Петер облегченно вздохнул.

— Это хорошо, — сказал он. Но вдруг изменился в лице: — Но оно же все равно может случиться, верно?

Доктор Эбке ободряюще улыбнулся.

— Конечно, случиться может все — все, что угодно. Но если что-то произойдет в случае, о котором мы говорим, это будет чистейшей воды совпадение. А отнюдь не случай так называемого post hoc ergo propter hoc  [Post hoc ergo propter hoc (лат.) — «в силу определенных причин»: устойчивое латинское выражение.]. Другими словами, между тем фактом, что вы не провели ритуал, и последовавшим событием причинно-следственной связи не будет, — он снова улыбнулся терпеливой улыбкой. — Это будет лишь проявлением того, что когда-то называли Божьей волей.

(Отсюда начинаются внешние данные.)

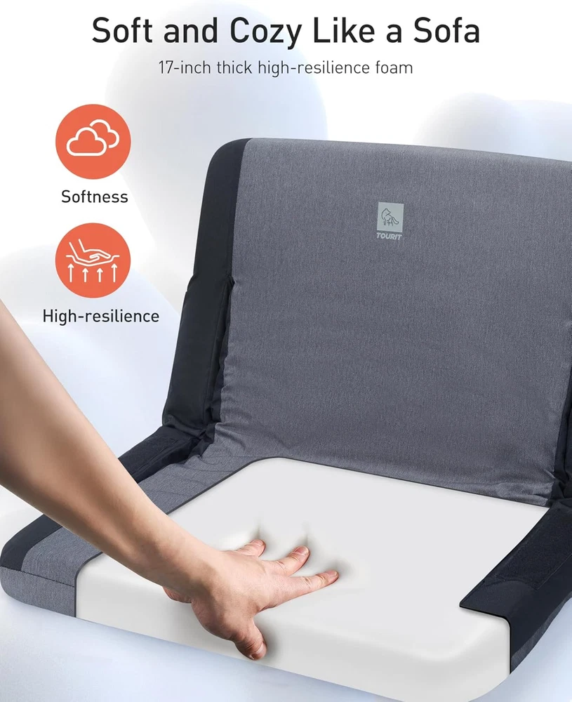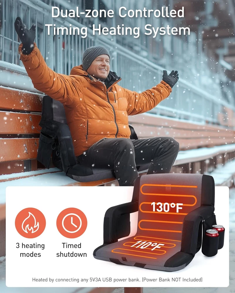 Dual Heating & Adjustable Temp: Our heated stadium seats come with an impressive dual heating system that warms both the seat and backrest(one battery is required each). With three adjustable heat settings reaching up to a cozy 140°F, you’ll stay toasty while enjoying a concert. The user-friendly remote lets you switch between settings with ease, so you can focus on the action, not the chill. Please note that you'll need two 5V battery to power the heated bleacher seats (not included) Unmatched Comfort Experience:Designed for those who love to bask in the excitement of outdoor sports, these seats feature six adjustable reclining positions from 90° to 180°. Whether you're sitting upright to catch every thrilling moment or reclining back to relax during a camping trip, you can customize your seating to fit your mood. The plush cushioning provides luxurious support for long hours at the stadium, making these heated stadium seats your new best friends for any outdoor adventure Built to Last in All Conditions:Our heated bleacher seat is made from waterproof Oxford fabric that can brave unexpected splashes or light rain. You can enjoy your favorite outdoor sport without worrying about the weather ruining your fun! The strong leather base adds grip and stability, ensuring you remain secure, even when jumping up in joy as your team scores the winning goal. Plus, our chair’s robust framework supports various body types, promising reliable comfort for everyone Easy Setup & Secure Guaranteed:No more sliding around when you leap up to cheer! Our stadium chair comes with convenient bottom straps designed to keep your seat firmly anchored to the bleachers. This ensures safety and stability while reducing movement, allowing you to focus entirely on the excitement of the game or concert. Enjoy peace of mind knowing that your heated bleacher chair isn’t going anywhere, even during the most thrilling moments Portable & Multi-Pocket Convenience:Our heated stadium seats for bleachers are equipped with multiple pockets designed for ultimate convenience. Store your water bottle, snacks, or personal items in the handy side pockets and zippered back compartment—perfect for those chilly evenings! With two shoulder straps, carrying your heated bleacher chair is as easy as slinging on a backpack Multi-scene application:The TOURIT Heated Stadium Seat is the perfect choice for watching a variety of sporting events like football, baseball, basketball, the Olympics, and the World Cup, as well as outdoor activities like camping and fishing. It’s especially great for parents watching their kids practice or waiting on the sidelines during games. Say goodbye to cold, hard bleachers Product Description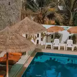 Although this accommodation is not by the sea, the atmosphere inside the accommodation is great. There is a communal swimming pool with poolside seating and a chill-out area for eating on the lawn. It's another great place to relax.

Генриетта набрала в грудь побольше воздуха:

— Когда-то называли…

— Я не хочу вдаваться в теологические дискуссии, — сказал доктор Эбке. — У нас и без этого есть о чем поговорить.

Петера данный ему ответ явно не убедил.

— Но если то, чего человек боится, все-таки происходит, то откуда вам знать, из-за чего это произошло — может, как раз из-за несоблюдения, как вы это называете, «ритуала»…

— А другие называют «предосторожностью», — пробормотал себе под нос Ульф.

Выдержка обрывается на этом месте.